While we are currently engaged in projects in a range of fields with collaborators around the world, a few areas of emphasis are highlighted.
Current focus areas
Genomic-based approaches to characterize and monitor cancer progression for more effective and targeted therapeutic strategies, while necessary and important, do not encompass the full complexity of cancer. Growing evidence illustrates that the tumor microenvironment and the complex ecology of interactions between different cell types, extracellular matrix, and the body's natural physiology play a significant role in tumor initiation, progression, and response to treatment. Overlaid upon this complex ecology is the natural and pathologic cellular heterogeneity of normal and cancerous tissue that creates a plastic biological system that can evolve new characteristics to impede or promote progression as well as evade therapy. The MMB Lab develops and applies technologies for deeper insight into these fundamental aspects of tumor ecology - namely, the roles of the microenvironment, the various types of symbiotic ecological interactions, and heterogeneity in cancer. Key to our approach is the ability to create simple but enabling technologies that can be rapidly translated into clinical practice. With this approach, we strive to do "more with less", allowing us to explore enabling, advanced, high-content functional and molecular studies with patient samples from a wide range of cancers.
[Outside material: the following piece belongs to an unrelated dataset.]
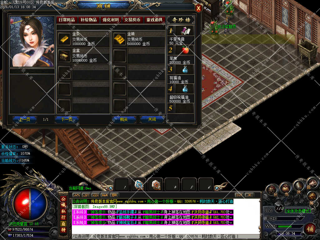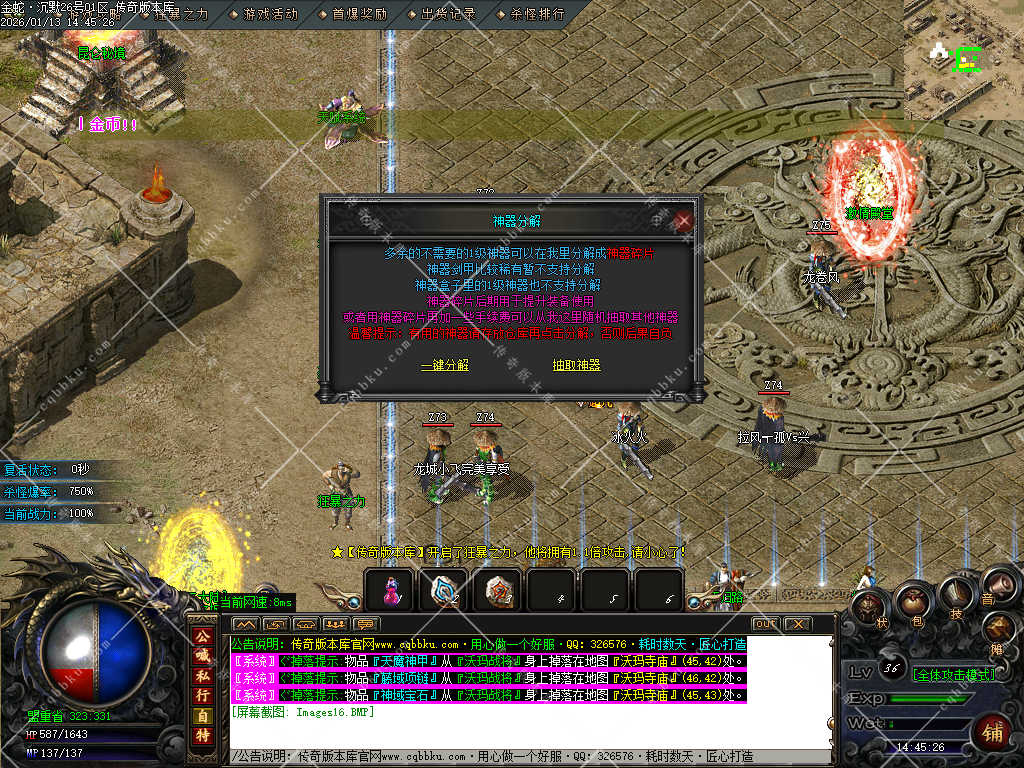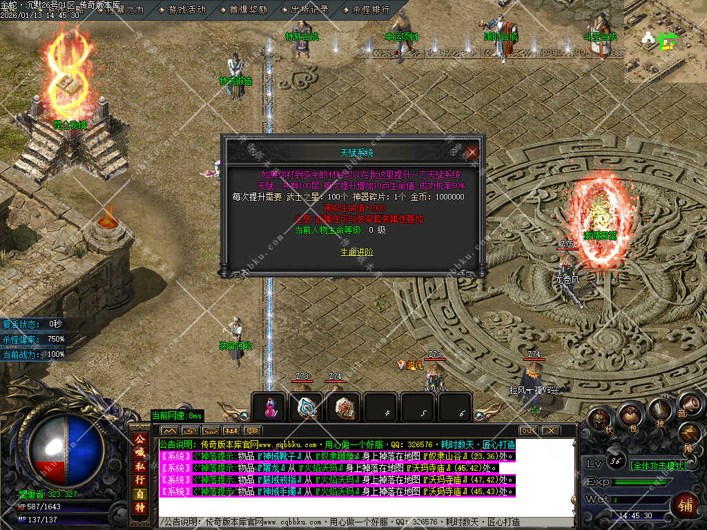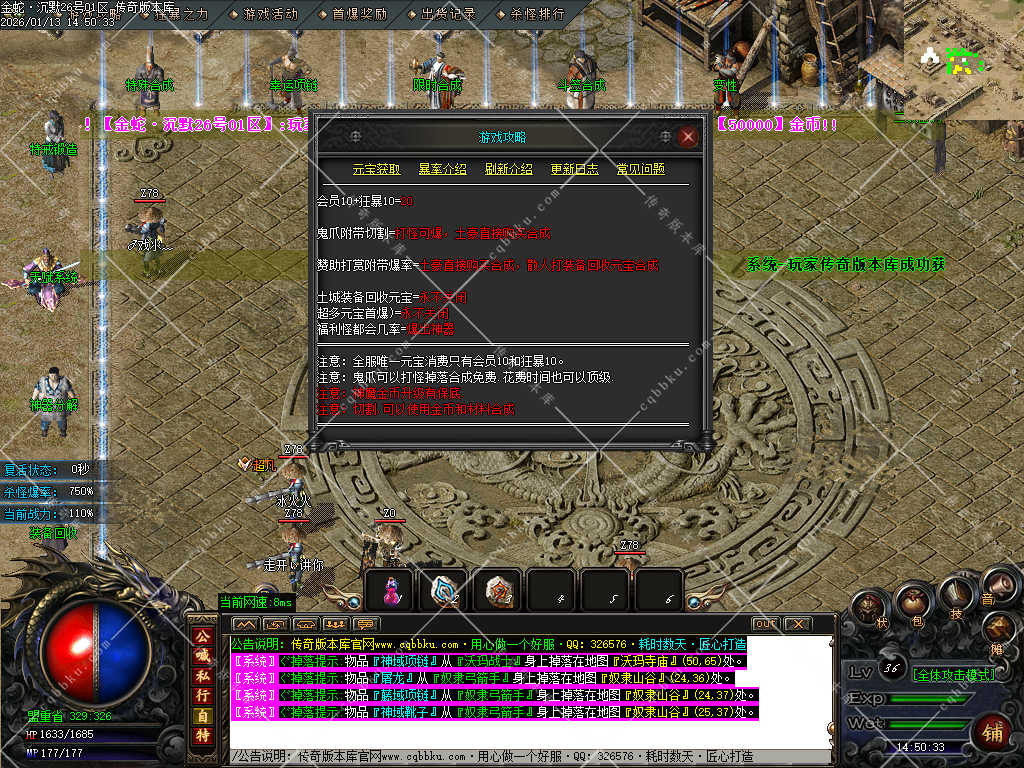 赞助打赏附带爆率<土豪直接购买合成,散人打装备回收元宝合成

The implementation of molecular diagnostics has been limited in low- and middle-income countries (LMICs) due to financial and logistical constraints. An important step to overcoming this challenge is the cost of sample preparation required for downstream analysis. We have developed a range of sample preparation improvements across multiple analyte types (e.g. whole cells, proteins, nucleic acids) and multiple diseases (e.g. HIV, malaria, tuberculosis), including multi-disease assays. Our initial focus has been on the development of a low cost HIV viral load (VL) assay. VL assays are critical for proper management of anti-retroviral therapy (ART) for HIV+ patients. The high cost of this assay, however, makes it unaffordable for many of the countries at the epicenter of the HIV epidemic. In a partnership with the Joint Clinical Research Center (JCRC) in Uganda, we have developed, tested and validated a VL assay that will reduce costs five-fold without any loss of performance. Following a successful initial clinical trial, we are in the process of implementing this assay in a remote region of Uganda that currently lacks access to VL assays. Additionally, we are continue to expand the applications of this project through the development of a new suite of assays to assist in achieving a "functional cure" for HIV+ patients, currently an intense focus of the HIV/AIDS field.
Interactions between human cells and microbes are essential in normal human physiology but also drive a number of allergic and infectious diseases. Understanding these complex multikingdom interactions - between human cells and bacteria or fungus - is essential for treating and preventing diseases such as asthma, fungal infections, and sepsis. Small molecule signals provide a rich vocabulary for cellular communication, and microbes have evolved the capacity to mimic or hijack these signals in a defensive or symbiotic maneuver, exponentially increasing the scope and complexity of this chemical language. The study of this molecular crosstalk, i.e. the host-microbe metabolome, is limited by the lack of (1) integrated systems that enable the microscale multikingdom culture of human cells and microbes and (2) bioanalytical tools allowing the capture of the chemical signals exchanged. We develop new integrated microfluidic systems allowing culture of human cells and microbes in organotypic models, extraction and quantification of small molecules signals, and determination of the biological effects of these signals using functional readouts. Importantly, these systems are simple to operate and enable higher throughput for arrayed investigations of the complex microenvironmental factors regulating host-microbe interactions. Our overarching goal is to create broadly applicable microscale methods to unlock the secret language of cell-to-cell communication in intra- and inter-kingdom interactions.
An underlying principle that guides technology development in the MMB Lab is that simple is usually better than complex. Since we are particularly interested in studying cells, we focus our technology development at relevant cellular scales - specifically the micron to millimeter scale relevant to cell behavior and cell signaling. By understanding the basic physics of the scale (e.g. diffusion, surface tension) it is sometimes possible to create novel and elegant solutions to long standing challenges. We strive to create technologies that are simple yet functional and that provide fundamental advantages or capabilities that provide new biological insights and/or improved clinical outcomes. The MMB Lab's location in the heart of the UW medical complex helps us stay focused on important and high impact biological questions and clinical challenges.